Also, you assume that the function is twice diferentiable. Not all concave functions are differentiable everywhere. –  tomasz Jul 2 '12 at 19:37
    
Another implicit assumption is that the function is defined on $\mathbb{R}$. For example the function $f:(0,1)\to\mathbb{R},x\mapsto x(1-x)$ is both concave and positive. –  celtschk Jul 2 '12 at 19:57
    
@celtschk: you meant concave. –  copper.hat Jul 2 '12 at 19:59
    
But without demanding strictly concave, and by assuming that I don't want constant functions, my claim will be true? i.e.- concave, positive, and non-constant Thanks ! –  joshua Jul 2 '12 at 20:12

3 Answers 3

There is no non-constant positive concave function on all of $\mathbb{R}$.

If $f$ is a concave function, then the difference ratio $$ \frac{f(x)-f(y)}{x-y} $$ is a non-increasing function of both $x$ and $y$.

Suppose there are $x$ and $y$ so that $f(x)<f(y)$ and let $M=\dfrac{f(x)-f(y)}{x-y}$.

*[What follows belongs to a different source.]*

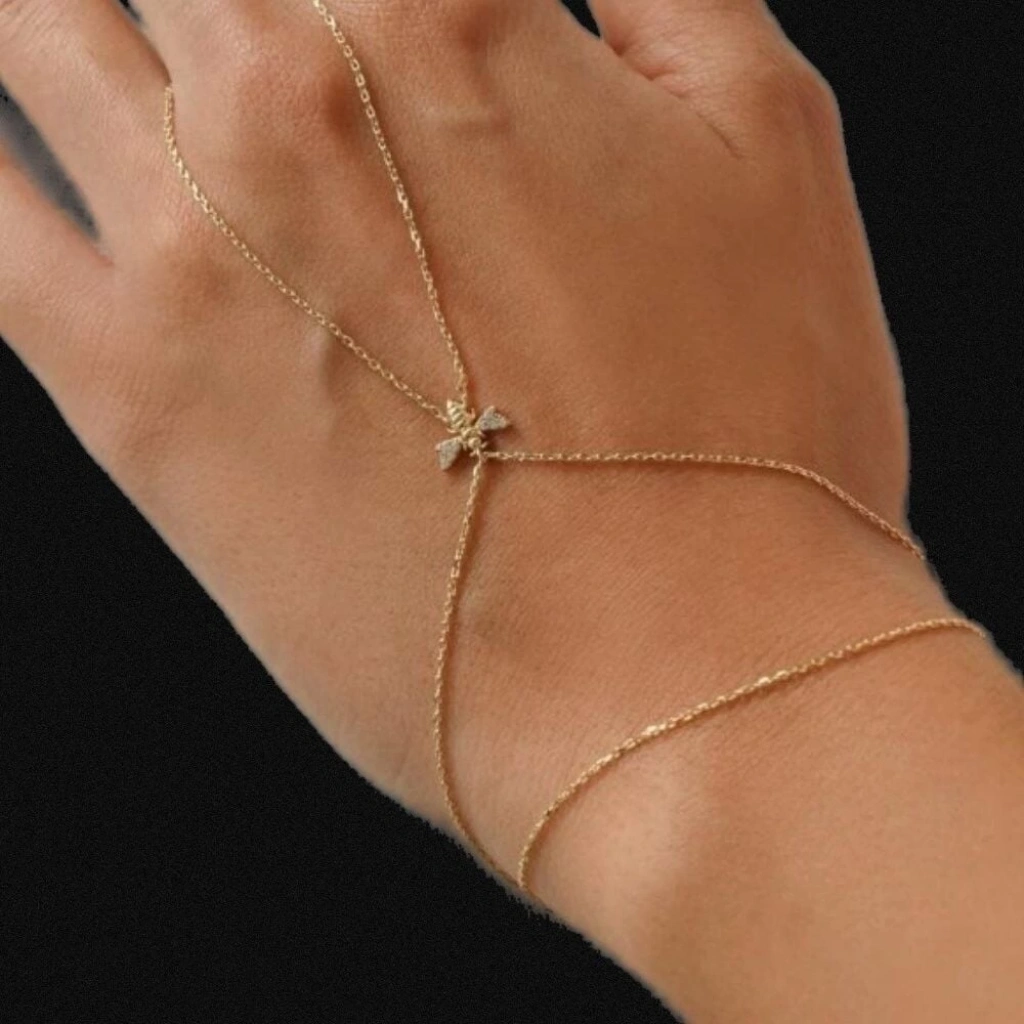 Bu 14 Ayar Altın Arı Şahmeran, Evla Kuyumculuk tarafından özenle tasarlanıp üretilmiş bir mücevherat ürünüdür. Yüksek kaliteli malzemeler ve özenli işçilikle yapılan bu bileklik, zarif ve dikkat çekici bir görünüme sahiptir.Bilekliğin yapımında 14 ayar altın kullanılmış olup, toplamda 1,98 gram ağırlığındadır. Bilekliğin tasarımında arı motifleri ve şahmeran detayları bir araya getirilerek benzersiz bir estetik yakalanmıştır. Altın rengi, bilekliğe değer ve zarafet katarken, arı motifleri bilekliğe canlılık ve doğal bir temayı yansıtır.

If $x<y$, then $M>0$ and for all $z< x$, we have that $$ \frac{f(z)-f(y)}{z-y}\ge\frac{f(x)-f(y)}{x-y}=M\tag{1} $$ therefore, $$ f(z)\le f(y)+(z-y)M\tag{2} $$ and $(2)$ says that for all $z< y-\frac{f(y)}{M}$, we have $f(z)<0$.


If $x>y$, then $M<0$ and for all $z>x$, we have that $$ \frac{f(z)-f(y)}{z-y}\le\frac{f(x)-f(y)}{x-y}=M\tag{3} $$ therefore, $$ f(z)\le f(y)+(z-y)M\tag{4} $$ and $(4)$ says that for all $z>y-\frac{f(y)}{M}$, we have $f(z)<0$.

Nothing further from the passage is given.